#### Provided data:
━━━━━━━━

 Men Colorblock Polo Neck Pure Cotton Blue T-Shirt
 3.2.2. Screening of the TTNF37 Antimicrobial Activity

━━━━━━━━

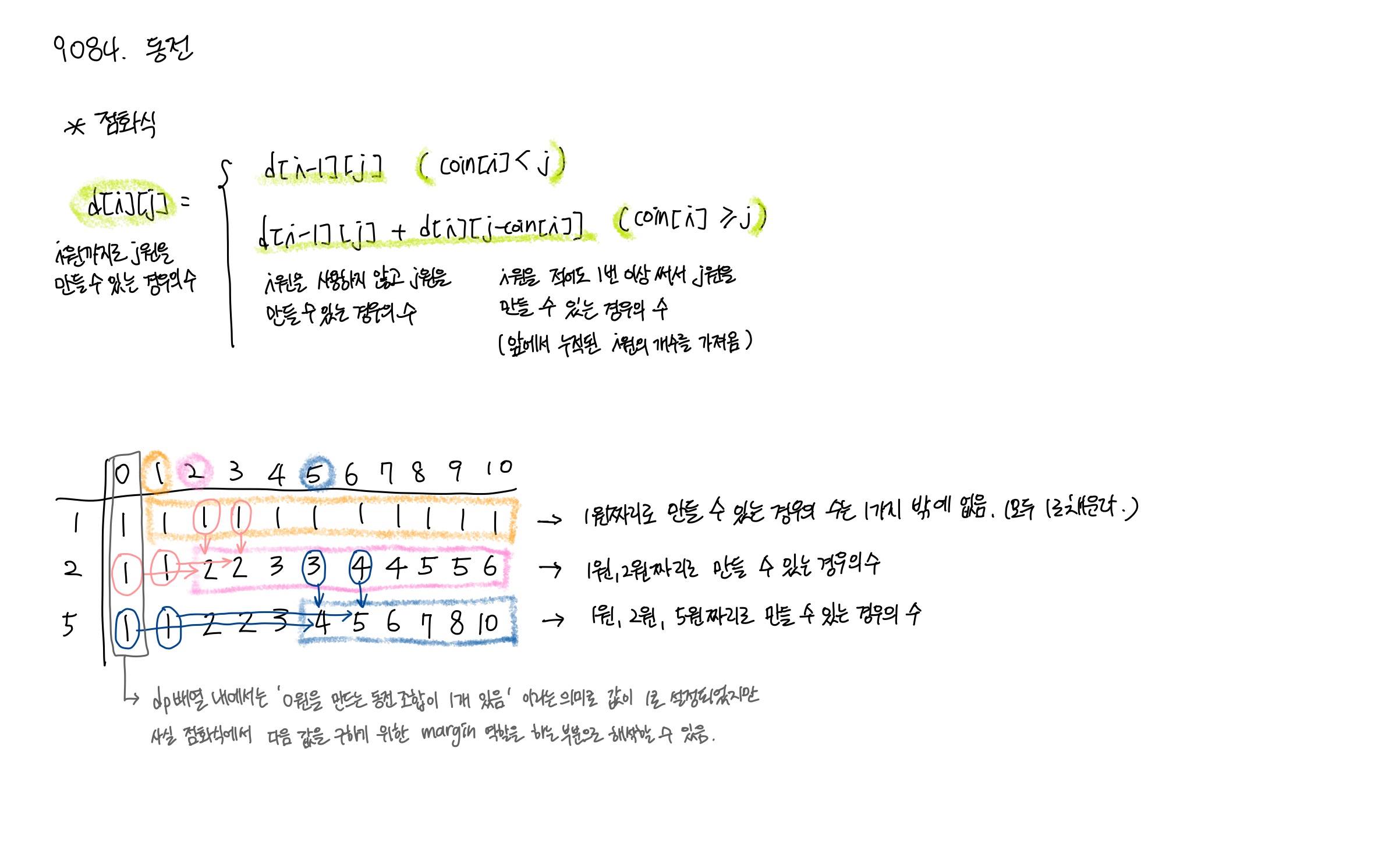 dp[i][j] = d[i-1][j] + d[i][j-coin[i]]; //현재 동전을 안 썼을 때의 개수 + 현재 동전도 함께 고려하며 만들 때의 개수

━━━━━━━━

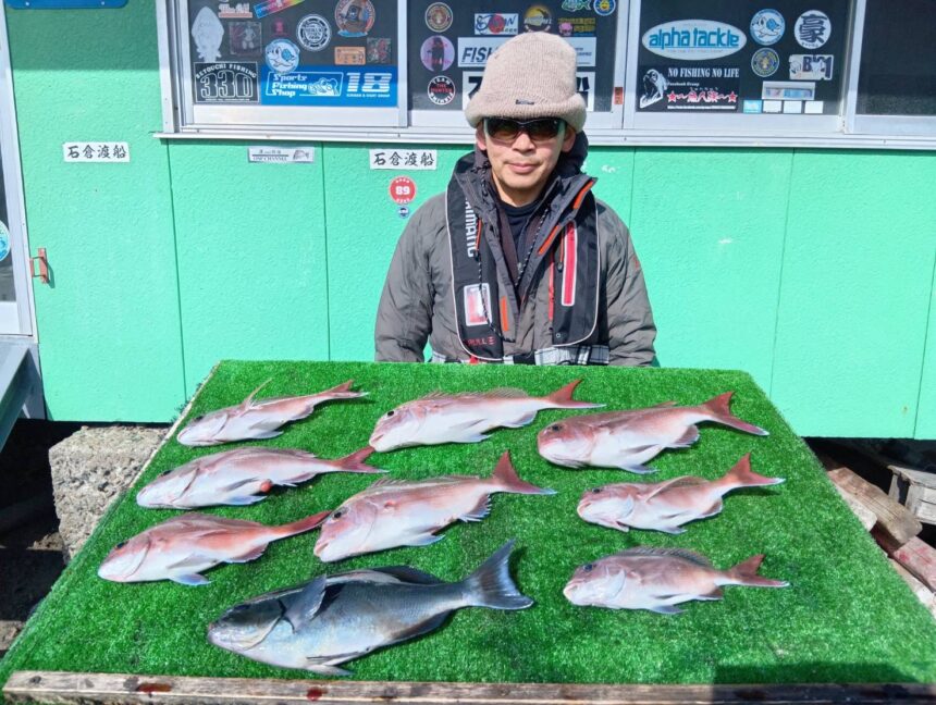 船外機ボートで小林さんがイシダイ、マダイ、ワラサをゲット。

━━━━━━━━

#### Exercise aim:
Every line from the line containing "Men Colorblock Polo" through the line containing "3.2.2. Screening of" in the records above must be retyped exactly. Leave out the rest.

#### Answer box:
 Men Colorblock Polo Neck Pure Cotton Blue T-Shirt
 3.2.2. Screening of the TTNF37 Antimicrobial Activity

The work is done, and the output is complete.